Task instructions = Below are records with pictures. Reproduce exactly the lines from the line with "鮮草因流浪覓食不易加上受傷一" to the line with "収納はクローゼット。間口が広", inclusive, and leave each picture out.

Data for this task =
■ ■ ■ ■ ■ ■ ■

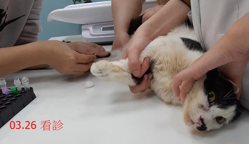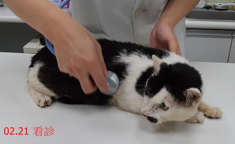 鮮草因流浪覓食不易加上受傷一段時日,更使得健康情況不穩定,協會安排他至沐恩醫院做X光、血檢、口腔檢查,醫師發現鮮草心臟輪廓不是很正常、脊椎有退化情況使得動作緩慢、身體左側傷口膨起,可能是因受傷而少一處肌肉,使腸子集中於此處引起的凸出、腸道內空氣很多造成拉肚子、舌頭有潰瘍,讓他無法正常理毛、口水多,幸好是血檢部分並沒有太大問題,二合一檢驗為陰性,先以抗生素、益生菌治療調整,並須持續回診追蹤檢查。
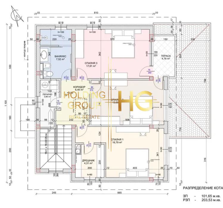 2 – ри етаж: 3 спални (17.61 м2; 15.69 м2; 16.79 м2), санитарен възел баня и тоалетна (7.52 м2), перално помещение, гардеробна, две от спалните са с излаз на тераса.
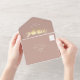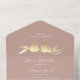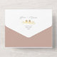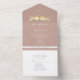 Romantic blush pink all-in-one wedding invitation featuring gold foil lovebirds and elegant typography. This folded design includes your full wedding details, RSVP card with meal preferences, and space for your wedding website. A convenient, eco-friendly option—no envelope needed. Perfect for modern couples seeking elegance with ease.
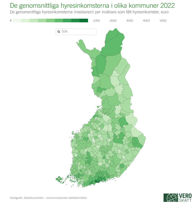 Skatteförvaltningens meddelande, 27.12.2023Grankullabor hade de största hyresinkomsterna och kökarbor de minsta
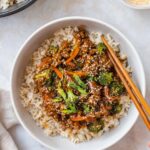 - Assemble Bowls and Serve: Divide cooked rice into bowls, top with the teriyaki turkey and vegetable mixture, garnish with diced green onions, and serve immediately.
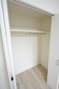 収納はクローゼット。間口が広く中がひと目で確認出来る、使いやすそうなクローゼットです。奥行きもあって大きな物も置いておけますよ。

■ ■ ■ ■ ■ ■ ■

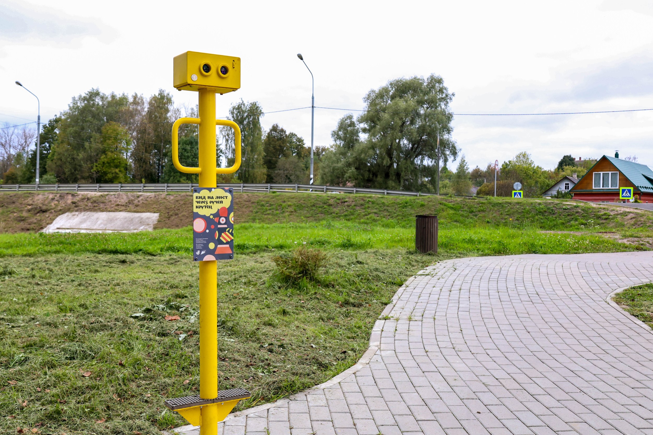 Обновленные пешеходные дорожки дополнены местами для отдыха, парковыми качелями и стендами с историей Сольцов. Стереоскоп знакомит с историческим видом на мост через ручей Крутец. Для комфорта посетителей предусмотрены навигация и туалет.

■ ■ ■ ■ ■ ■ ■

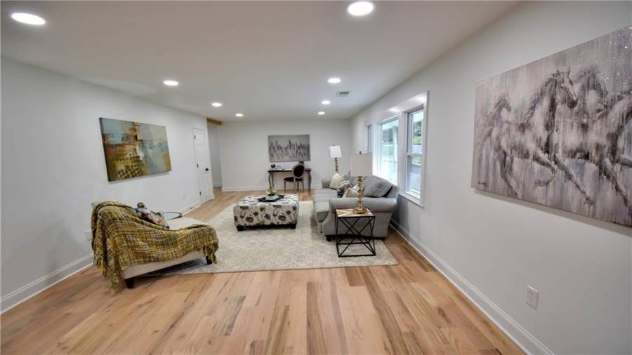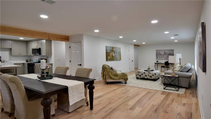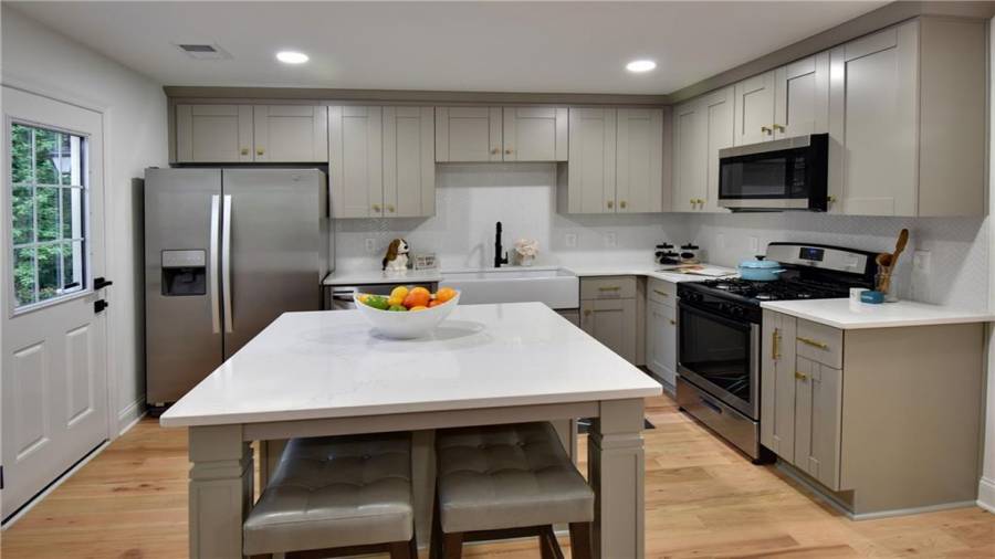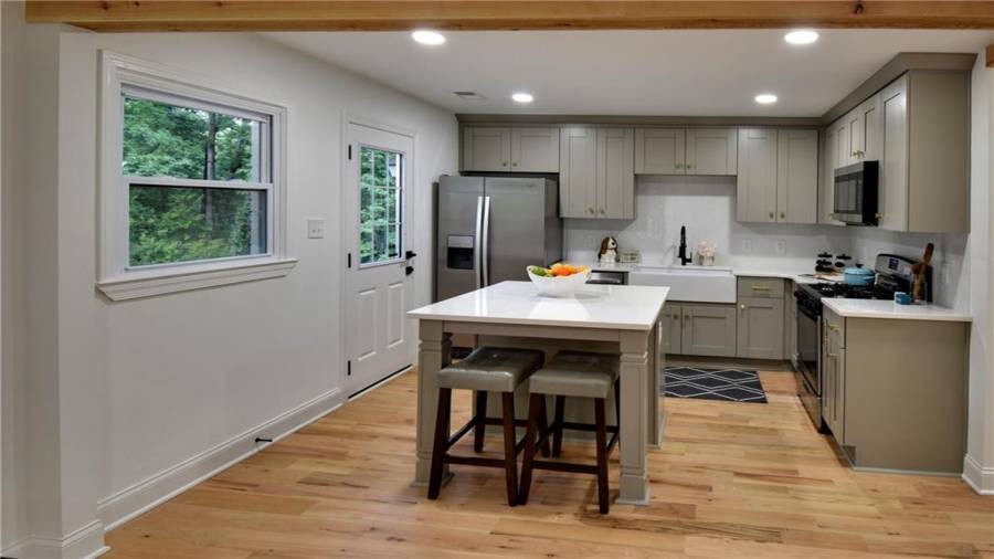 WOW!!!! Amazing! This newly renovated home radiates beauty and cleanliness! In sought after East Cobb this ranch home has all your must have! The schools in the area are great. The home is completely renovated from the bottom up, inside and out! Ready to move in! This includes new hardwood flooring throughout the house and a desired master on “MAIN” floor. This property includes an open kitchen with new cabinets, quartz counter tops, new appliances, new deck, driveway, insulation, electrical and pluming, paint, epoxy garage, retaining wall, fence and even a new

■ ■ ■ ■ ■ ■ ■

Response to the exercise =
 鮮草因流浪覓食不易加上受傷一段時日,更使得健康情況不穩定,協會安排他至沐恩醫院做X光、血檢、口腔檢查,醫師發現鮮草心臟輪廓不是很正常、脊椎有退化情況使得動作緩慢、身體左側傷口膨起,可能是因受傷而少一處肌肉,使腸子集中於此處引起的凸出、腸道內空氣很多造成拉肚子、舌頭有潰瘍,讓他無法正常理毛、口水多,幸好是血檢部分並沒有太大問題,二合一檢驗為陰性,先以抗生素、益生菌治療調整,並須持續回診追蹤檢查。
 2 – ри етаж: 3 спални (17.61 м2; 15.69 м2; 16.79 м2), санитарен възел баня и тоалетна (7.52 м2), перално помещение, гардеробна, две от спалните са с излаз на тераса.
 Romantic blush pink all-in-one wedding invitation featuring gold foil lovebirds and elegant typography. This folded design includes your full wedding details, RSVP card with meal preferences, and space for your wedding website. A convenient, eco-friendly option—no envelope needed. Perfect for modern couples seeking elegance with ease.
 Skatteförvaltningens meddelande, 27.12.2023Grankullabor hade de största hyresinkomsterna och kökarbor de minsta
 - Assemble Bowls and Serve: Divide cooked rice into bowls, top with the teriyaki turkey and vegetable mixture, garnish with diced green onions, and serve immediately.
 収納はクローゼット。間口が広く中がひと目で確認出来る、使いやすそうなクローゼットです。奥行きもあって大きな物も置いておけますよ。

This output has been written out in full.